You could freeze the backbone parameters by setting their .requires_grad
attributes to False
during the warmup iterations, and then to True
during the complete training.
This would make sure that these parameters won’t get any gradients and the optimizer won’t update them in its step()
operation.
Thank you for your answer. What about add the param group of backbone to optimiser after warm up is finished? Which one is a better practice?
Both should work equally well and it might just depend on your personal coding style / preference.

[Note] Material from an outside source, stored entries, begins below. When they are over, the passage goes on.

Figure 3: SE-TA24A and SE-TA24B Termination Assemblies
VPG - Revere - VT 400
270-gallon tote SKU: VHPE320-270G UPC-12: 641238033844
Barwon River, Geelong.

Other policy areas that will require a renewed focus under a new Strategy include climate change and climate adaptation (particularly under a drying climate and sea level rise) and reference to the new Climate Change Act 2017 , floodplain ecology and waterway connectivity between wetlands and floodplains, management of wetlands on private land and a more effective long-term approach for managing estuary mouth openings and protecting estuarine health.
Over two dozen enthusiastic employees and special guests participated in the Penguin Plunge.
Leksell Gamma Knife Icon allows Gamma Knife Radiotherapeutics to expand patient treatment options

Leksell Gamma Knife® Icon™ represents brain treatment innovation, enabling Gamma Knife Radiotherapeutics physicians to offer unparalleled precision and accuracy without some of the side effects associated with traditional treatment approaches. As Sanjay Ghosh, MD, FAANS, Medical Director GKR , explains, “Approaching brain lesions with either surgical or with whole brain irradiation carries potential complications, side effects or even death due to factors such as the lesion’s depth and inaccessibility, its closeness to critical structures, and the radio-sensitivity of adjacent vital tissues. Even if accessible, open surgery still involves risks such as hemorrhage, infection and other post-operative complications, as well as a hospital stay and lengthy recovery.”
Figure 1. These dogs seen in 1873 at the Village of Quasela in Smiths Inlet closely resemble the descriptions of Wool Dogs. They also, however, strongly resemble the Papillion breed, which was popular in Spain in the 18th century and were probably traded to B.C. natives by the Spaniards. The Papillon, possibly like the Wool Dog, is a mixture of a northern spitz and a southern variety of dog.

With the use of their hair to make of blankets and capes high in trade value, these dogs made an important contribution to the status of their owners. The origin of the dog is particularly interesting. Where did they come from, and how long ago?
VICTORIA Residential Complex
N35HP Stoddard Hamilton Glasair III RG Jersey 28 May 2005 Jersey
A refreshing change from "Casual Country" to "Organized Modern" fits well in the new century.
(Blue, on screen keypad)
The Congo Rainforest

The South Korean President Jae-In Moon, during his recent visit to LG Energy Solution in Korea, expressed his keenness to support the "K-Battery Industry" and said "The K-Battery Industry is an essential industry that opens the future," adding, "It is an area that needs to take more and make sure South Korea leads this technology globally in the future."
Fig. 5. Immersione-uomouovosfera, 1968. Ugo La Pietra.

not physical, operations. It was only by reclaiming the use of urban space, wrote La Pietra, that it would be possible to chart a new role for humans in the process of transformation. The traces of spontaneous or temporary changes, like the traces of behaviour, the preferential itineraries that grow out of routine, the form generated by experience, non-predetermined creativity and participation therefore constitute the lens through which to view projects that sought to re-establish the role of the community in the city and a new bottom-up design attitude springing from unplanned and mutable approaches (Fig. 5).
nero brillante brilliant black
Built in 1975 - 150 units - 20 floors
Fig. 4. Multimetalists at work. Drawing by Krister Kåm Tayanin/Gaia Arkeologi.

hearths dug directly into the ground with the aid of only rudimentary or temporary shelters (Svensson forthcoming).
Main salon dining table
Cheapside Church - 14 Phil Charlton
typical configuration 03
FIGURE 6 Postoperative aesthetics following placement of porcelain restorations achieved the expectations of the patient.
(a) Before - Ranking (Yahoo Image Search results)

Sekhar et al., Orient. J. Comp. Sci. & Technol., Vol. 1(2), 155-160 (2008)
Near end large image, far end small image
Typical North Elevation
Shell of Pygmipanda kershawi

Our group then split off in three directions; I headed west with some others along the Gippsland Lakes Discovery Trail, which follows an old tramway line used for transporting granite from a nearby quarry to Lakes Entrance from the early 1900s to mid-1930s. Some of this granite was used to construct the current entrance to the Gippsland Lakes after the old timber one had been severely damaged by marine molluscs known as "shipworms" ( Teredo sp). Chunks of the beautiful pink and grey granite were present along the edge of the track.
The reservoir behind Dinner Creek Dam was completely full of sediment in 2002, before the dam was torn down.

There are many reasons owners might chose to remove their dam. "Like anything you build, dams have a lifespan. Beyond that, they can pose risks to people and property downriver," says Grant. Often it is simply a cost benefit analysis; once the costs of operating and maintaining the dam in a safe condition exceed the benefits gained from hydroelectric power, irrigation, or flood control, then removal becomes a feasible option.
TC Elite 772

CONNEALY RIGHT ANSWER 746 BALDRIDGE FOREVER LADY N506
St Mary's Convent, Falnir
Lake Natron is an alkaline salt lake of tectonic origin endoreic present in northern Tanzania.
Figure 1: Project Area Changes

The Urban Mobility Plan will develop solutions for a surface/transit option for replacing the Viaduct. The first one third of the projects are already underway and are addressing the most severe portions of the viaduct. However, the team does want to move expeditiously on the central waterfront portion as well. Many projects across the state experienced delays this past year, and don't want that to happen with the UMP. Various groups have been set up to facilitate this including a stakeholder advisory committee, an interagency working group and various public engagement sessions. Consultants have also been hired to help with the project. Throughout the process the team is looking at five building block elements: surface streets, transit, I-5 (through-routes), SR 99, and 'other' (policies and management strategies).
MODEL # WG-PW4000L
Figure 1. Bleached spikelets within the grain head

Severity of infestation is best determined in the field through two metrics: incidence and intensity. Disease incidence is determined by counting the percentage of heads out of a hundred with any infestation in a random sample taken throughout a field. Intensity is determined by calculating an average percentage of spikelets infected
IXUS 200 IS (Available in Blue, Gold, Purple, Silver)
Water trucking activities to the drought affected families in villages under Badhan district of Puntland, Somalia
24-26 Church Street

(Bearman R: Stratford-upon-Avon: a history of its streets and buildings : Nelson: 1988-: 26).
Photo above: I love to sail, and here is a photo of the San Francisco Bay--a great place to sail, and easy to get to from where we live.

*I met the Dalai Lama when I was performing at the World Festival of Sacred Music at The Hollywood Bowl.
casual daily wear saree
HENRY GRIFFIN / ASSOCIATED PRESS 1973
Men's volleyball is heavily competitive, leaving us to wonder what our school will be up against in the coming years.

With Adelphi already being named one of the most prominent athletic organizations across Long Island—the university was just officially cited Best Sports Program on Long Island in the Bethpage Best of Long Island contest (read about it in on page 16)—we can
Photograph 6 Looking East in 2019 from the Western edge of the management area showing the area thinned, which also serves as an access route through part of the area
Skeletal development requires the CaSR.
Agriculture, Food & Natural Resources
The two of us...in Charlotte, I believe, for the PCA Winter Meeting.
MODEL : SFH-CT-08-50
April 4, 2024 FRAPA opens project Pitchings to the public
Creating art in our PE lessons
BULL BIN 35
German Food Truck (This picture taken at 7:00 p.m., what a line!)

I have the same problem, which is unsolved unfortunately
I have modelA as backbone and modelB as aux output, which means my whole model has two outputs. What I wanna do is freeze pre-trained backbone and train modelB only. But either way that you suggested would touch the weights in backbone. Any suggestion?
If modelB
is “on top” of modelA
, you still could freeze the parameters of modelA
and just train modelB
.
Why would the modelA
weights be touched?
Thanks for reply. Yes, it is exactly as you said. This is a piece of code, which may help to locate the problem.
(BTW, pytorch version is 1.4.0)
create graph and load weigths for modelA
checkpoint = torch.load(model_path, map_location=device)
modelA = BackboneNet().to(device)
modelA.load_state_dict(checkpoint[‘backbone’])
modelB = AuxNet().to(device)
freeze modelA
for param in modelA.parameters():
param.requires_grad = False
asign modelB to train
optimizer = torch.optim.Adam(
[{
‘params’: modelB.parameters()
}],
lr=base_lr,
weight_decay=weight_decay)